==== GIVEN INFORMATION
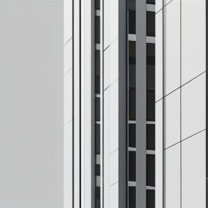 Minimalist urban architecture concept illustration, fine linework, geometric high-rise buildings, subtle shading for depth, monotone grayscale, clean and spacious layout.
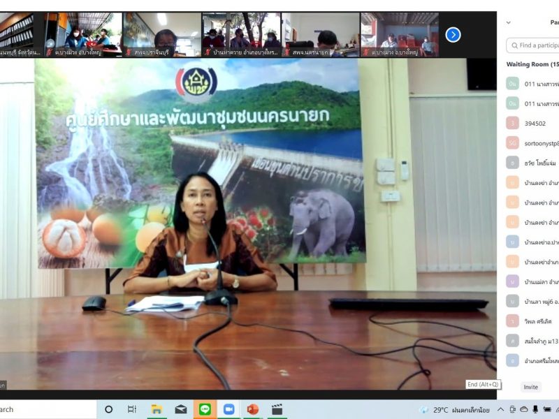ศพช.นครนายก ฝึกอบรมโครงการสร้างอาชีพสร้างความมั่นคงทางอาหาร สร้างภูมิคุ้มกัน โควิด-19 ผ่านระบบประชุมออนไลน์ (Zoom Cloud Meeting) โดยบูรณาการกับโครงการสร้างผู้นำการเปลี่ยนแปลง ขยายผลจากบ้านพี่ สู่เมืองน้อง และกิจกรรมฝึกอบรม 108 อาชีพแก้จน พัฒนาคนทุกช่วงวัย มีผู้เข้าอบรมทั้งสิ้น 228 คน
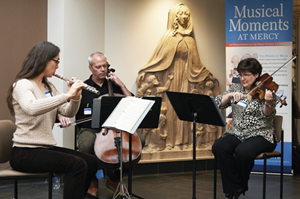 The musicians tailor their repertoires to the performance space. For example, a flutist, cellist and violist delivered a merry rendition of Scott Joplin's "Ragtime" in the bustling lobby; and a harpist has performed classical tunes to calm patients in the hospital's dental clinic, known as Mercy's Dental Services.
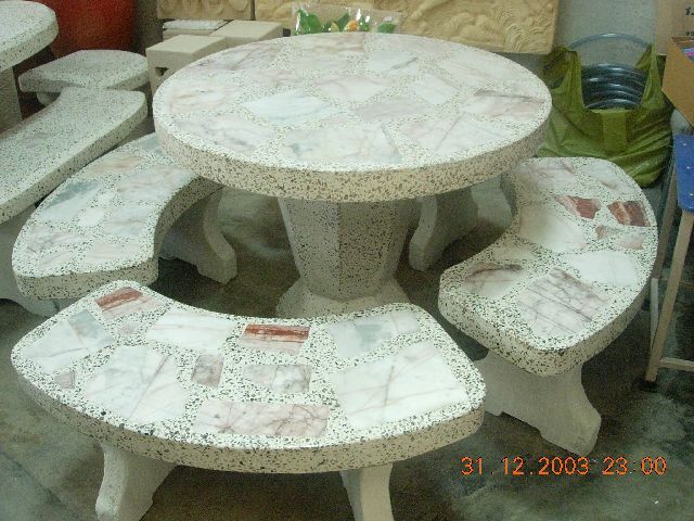 - โต๊ะหินขัดทรงสี่เหลี่ยมมีพนักพิง 74 x 74 ราคาชุดละ 3,300 บ.
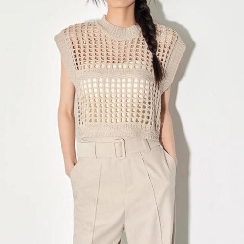 [다잇템]여자 망사 베스트 그런지 슬리브리스 위빙 니트 (15922980A)
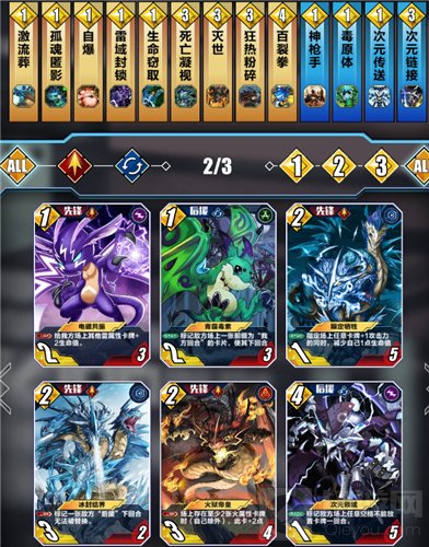 3、次元链接的用法,就是让场上的一张卡进行一次常规攻击,如果这张卡是对面的先锋,并且他面前没有任何卡,就会攻击敌方水晶。另外,再合理计算一下清障和打水晶的伤害,必要的情况下解一张卡解放一路,就能轻松取胜。
========
You need to restate all of the entries above exactly and leave the pictures behind.

**FINAL ANSWER:**
 Minimalist urban architecture concept illustration, fine linework, geometric high-rise buildings, subtle shading for depth, monotone grayscale, clean and spacious layout.
ศพช.นครนายก ฝึกอบรมโครงการสร้างอาชีพสร้างความมั่นคงทางอาหาร สร้างภูมิคุ้มกัน โควิด-19 ผ่านระบบประชุมออนไลน์ (Zoom Cloud Meeting) โดยบูรณาการกับโครงการสร้างผู้นำการเปลี่ยนแปลง ขยายผลจากบ้านพี่ สู่เมืองน้อง และกิจกรรมฝึกอบรม 108 อาชีพแก้จน พัฒนาคนทุกช่วงวัย มีผู้เข้าอบรมทั้งสิ้น 228 คน
 The musicians tailor their repertoires to the performance space. For example, a flutist, cellist and violist delivered a merry rendition of Scott Joplin's "Ragtime" in the bustling lobby; and a harpist has performed classical tunes to calm patients in the hospital's dental clinic, known as Mercy's Dental Services.
 - โต๊ะหินขัดทรงสี่เหลี่ยมมีพนักพิง 74 x 74 ราคาชุดละ 3,300 บ.
 [다잇템]여자 망사 베스트 그런지 슬리브리스 위빙 니트 (15922980A)
 3、次元链接的用法,就是让场上的一张卡进行一次常规攻击,如果这张卡是对面的先锋,并且他面前没有任何卡,就会攻击敌方水晶。另外,再合理计算一下清障和打水晶的伤害,必要的情况下解一张卡解放一路,就能轻松取胜。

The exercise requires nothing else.